Will Smith reveals one of his biggest career regrets

When Smith was offered roles in both The Matrix and Wild Wild West in 1998, his career was on a seemingly unstoppable high. He’d already become a household name thanks to his starring role in the NBC sitcom The Fresh Prince of Bel-Air, which ran from 1990 to 1996. Launching from the small screen to the movies, Smith made Bad Boys in 1995, and the action flick was enough of a hit to spur a still-growing franchise. From there, he appeared in 1996’s Independence Day and 1997’s Men in Black, which respectively grossed $817 million and $589 million worldwide. Two years later, Smith starred in Enemy of the State, an action-thriller that pulled in nearly $251 million globally. Smith said of this era of his career, “That was a crazy time in my life. It was like however I threw the ball, it was going in.”

Unfortunately, this success drove Smith to change the way he judged movie scripts. He stopped picking films that he thought would be artistically satisfying and instead went with those he knew would be big at the box office, with an eye on further boosting his status as the world’s biggest movie star. As he admitted to The Breakfast Club, “It was more important to me to win than to be me.”

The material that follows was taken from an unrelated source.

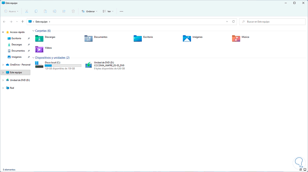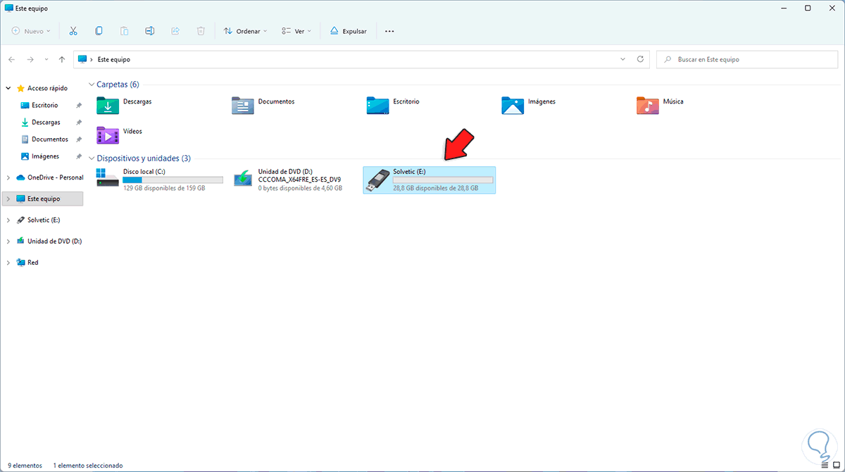 Esta es una forma simple de hacer visible nuestra USB en Windows 11, abrimos el Explorador de archivos y comprobamos que la USB no es visible:

Smith believed that Wild Wild West — which has been called “exhausting, utterly without feeling, and pointless” — would be a bigger box office draw than The Matrix, and thus chose it over Lana and Lily Wachowski’s now-iconic sci-fi feat. On the bright side, Smith said that Wild Wild West prompted him to reevaluate his approach to scripts. Now, he thinks about whether a movie has the potential to do good in the world: “It doesn’t have to be deep. If it’s just comedy and people come to get a laugh, it improves lives.”